Many of the deities worshipped by Greek girls and women in the classical period were very much a part of mainstream religious beliefs, particularly those dealt with in Chapters 2 and 4. But there were other deities which held a marginal place in classical Greece because of their exotic nature, or whose worship undercut the values of the polis and women’s place in it. Of the latter, the most important was women’s worship of the god Dionysos, and as part of their worship they were subjected to madness, mania, by the god. But in most senses Dionysos was an ‘acceptable’ god, admitted into the festivals of the state, with maenads (his women followers) at Athens clearly involved in drawing the wine at the Anthesteria festival. Maenads are nevertheless at the margins, they test the polis’ acceptance of rites which are in many ways extraordinary: wild dancing, unescorted journeys into the hills, and clearly some wine drinking. Women in other cults also occupied the fringes of Greek religion. The women followers of Pythagoras were ridiculed, perhaps partly because of the ritual practices of Pythagoreanism but probably because as women taking on a philosophical mantle they were easy targets of ridicule. A picture of women involved in the rites of the foreign god Sabazios could be conjured up in a law speech to damage an opponent’s reputation.

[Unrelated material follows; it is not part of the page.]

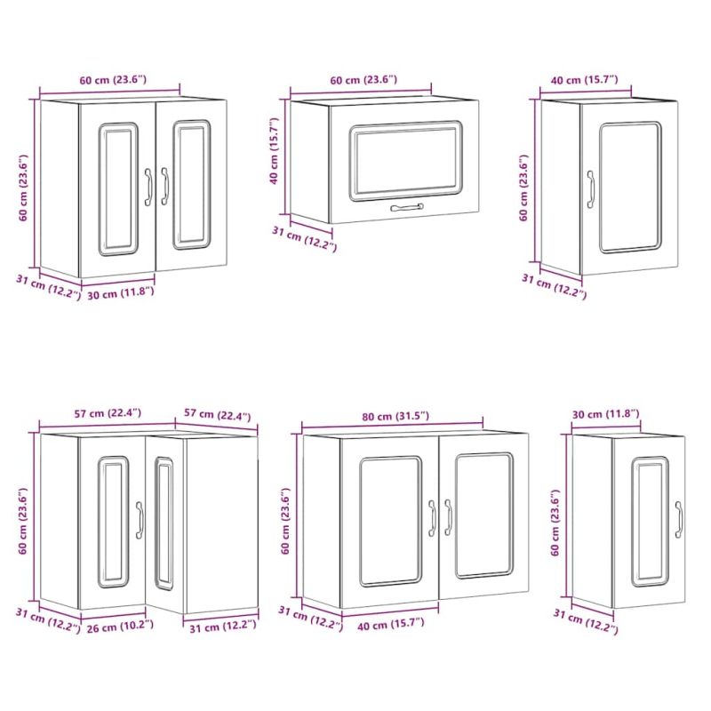• 1 x Кухненски стенен шкаф: 60 x 31 x 60 см (Ш x Г x В)

The worship of Adonis entered Athens sometime in the fifth century BC; women’s activities in this cult were tolerated but his festival, informal and somewhat exotic, was never accepted into the state calendar; worshipped by women on rooftops rather than in conventional temples, his rites were marginal and aloof from the polis in the most literal of senses. Hekate, goddess of the crossroads, was liminal in many ways, and worshipped by both men and women, but was considered to be particularly important to women who practised sorcery; spells and incantations were employed in her name, but when a certain boundary was passed, the woman practitioner of the magical arts could face a death sentence.